> **WHAT IS BEING ASKED**
Everything from the line with "بلوچ اسٹوڈنٹس ایکشن" down to the line with "2011 Nifty Trailer" below must be printed exactly, those two lines included. Exclude pictures.

RECORD EXTRACTS Block Start

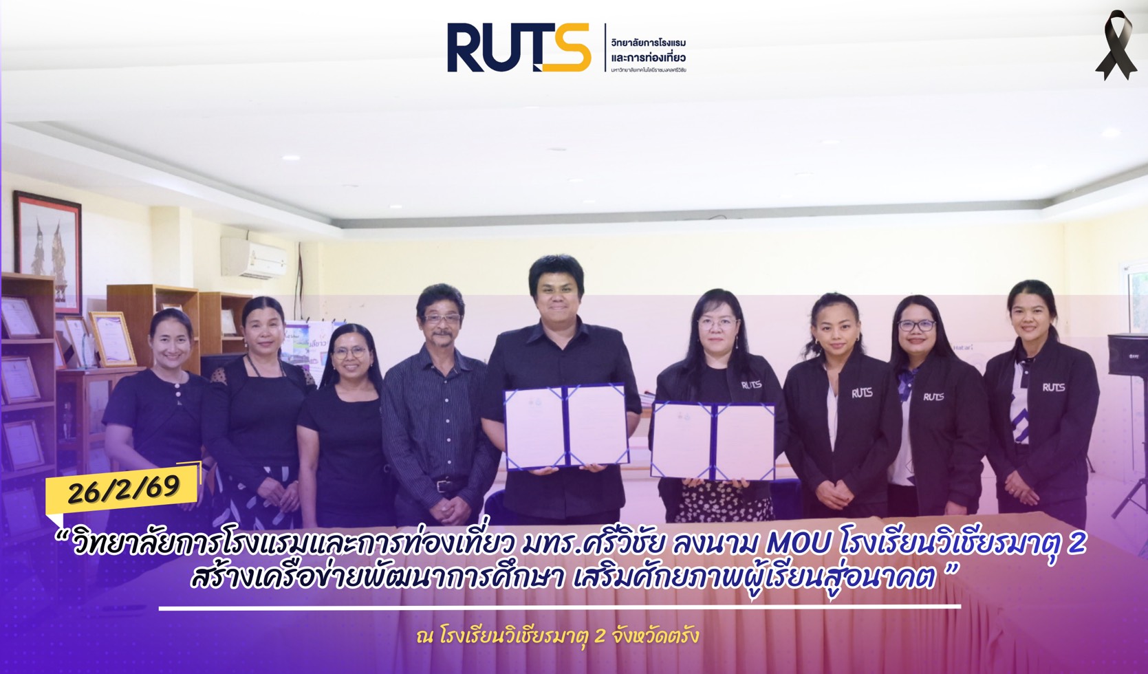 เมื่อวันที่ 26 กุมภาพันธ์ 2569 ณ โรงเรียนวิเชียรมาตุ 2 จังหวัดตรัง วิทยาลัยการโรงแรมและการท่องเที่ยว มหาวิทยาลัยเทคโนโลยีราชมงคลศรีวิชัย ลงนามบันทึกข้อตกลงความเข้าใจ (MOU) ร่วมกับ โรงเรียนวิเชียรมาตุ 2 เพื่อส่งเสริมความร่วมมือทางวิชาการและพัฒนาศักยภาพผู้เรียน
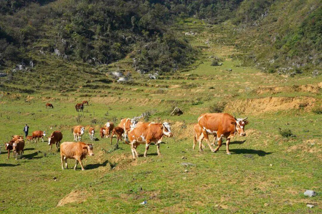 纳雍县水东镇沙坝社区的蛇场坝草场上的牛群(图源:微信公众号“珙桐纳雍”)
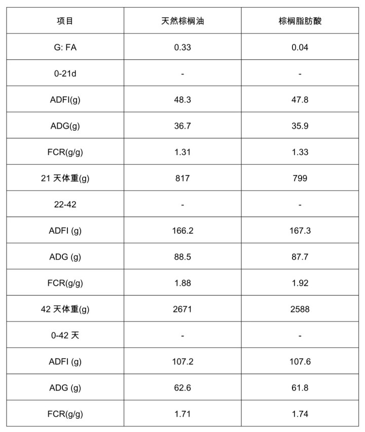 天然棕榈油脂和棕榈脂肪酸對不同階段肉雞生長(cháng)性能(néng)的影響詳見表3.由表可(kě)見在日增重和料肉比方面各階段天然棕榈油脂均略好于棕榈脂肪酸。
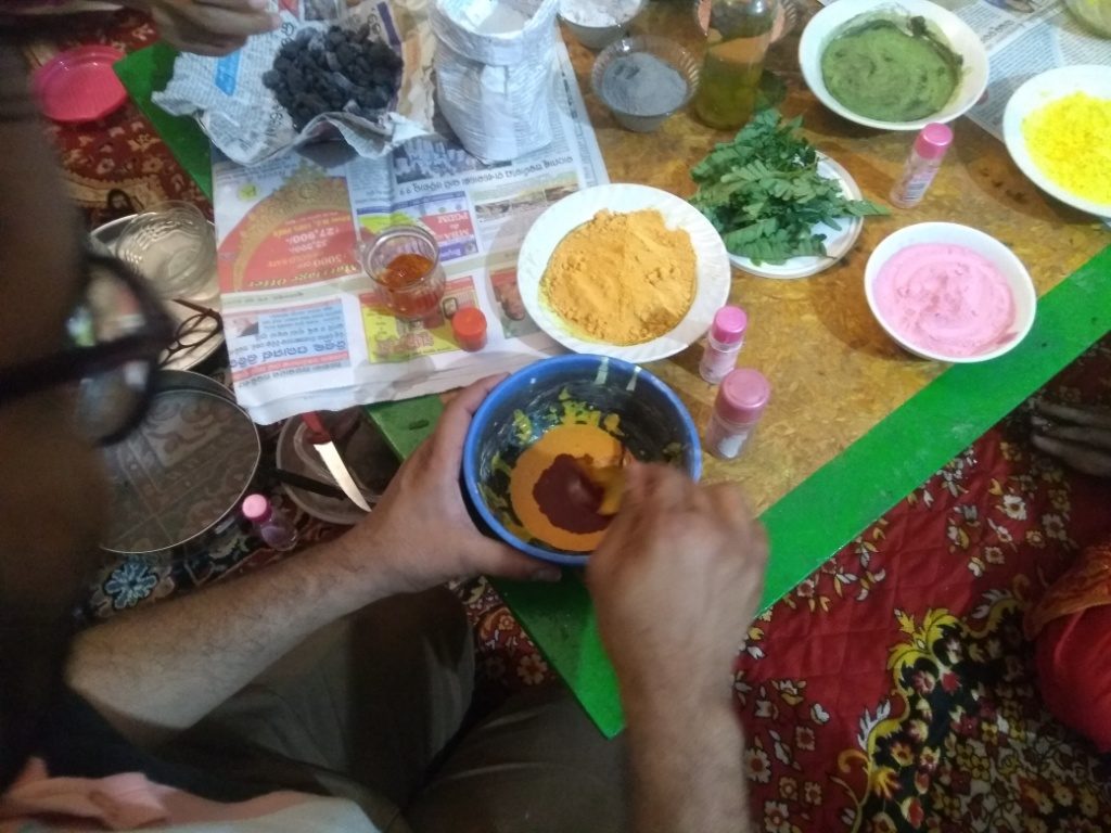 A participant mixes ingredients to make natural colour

RECORD EXTRACTS Block End
RECORD EXTRACTS Block Start

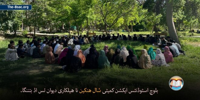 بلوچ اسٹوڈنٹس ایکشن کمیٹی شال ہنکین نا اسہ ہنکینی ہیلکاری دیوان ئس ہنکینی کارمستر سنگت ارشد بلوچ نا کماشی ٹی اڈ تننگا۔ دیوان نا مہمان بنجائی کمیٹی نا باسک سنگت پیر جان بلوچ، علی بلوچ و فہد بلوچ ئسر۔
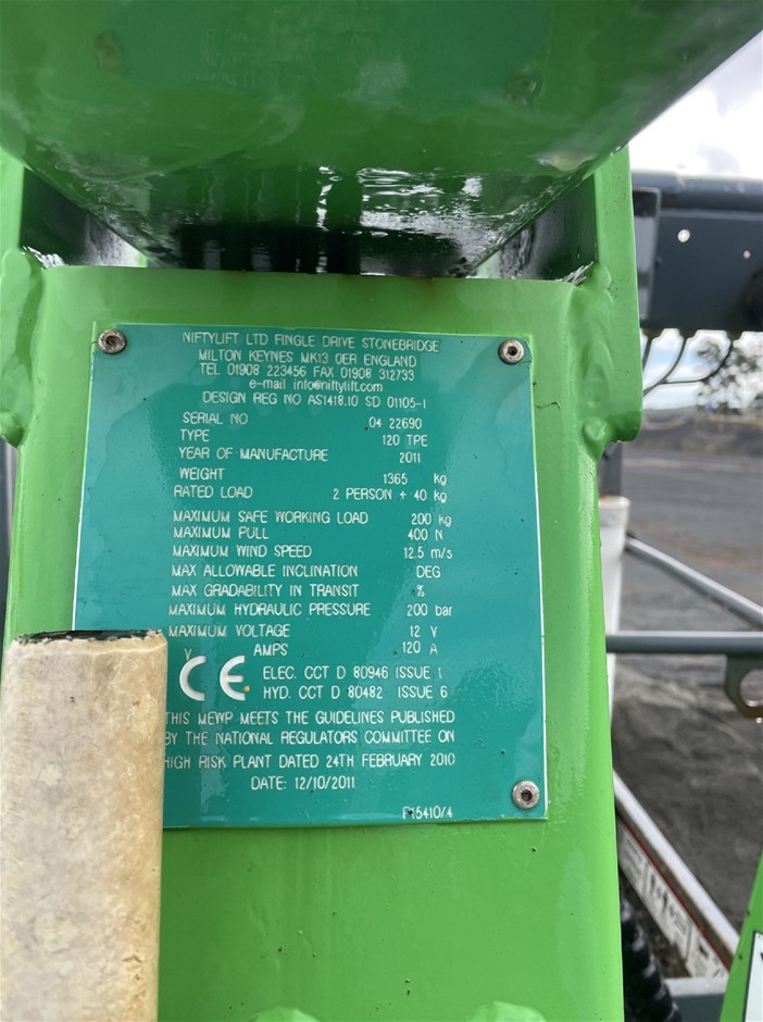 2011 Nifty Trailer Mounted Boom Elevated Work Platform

RECORD EXTRACTS Block End

> **SOLUTION FOR THIS PROBLEM**
 بلوچ اسٹوڈنٹس ایکشن کمیٹی شال ہنکین نا اسہ ہنکینی ہیلکاری دیوان ئس ہنکینی کارمستر سنگت ارشد بلوچ نا کماشی ٹی اڈ تننگا۔ دیوان نا مہمان بنجائی کمیٹی نا باسک سنگت پیر جان بلوچ، علی بلوچ و فہد بلوچ ئسر۔
 2011 Nifty Trailer Mounted Boom Elevated Work Platform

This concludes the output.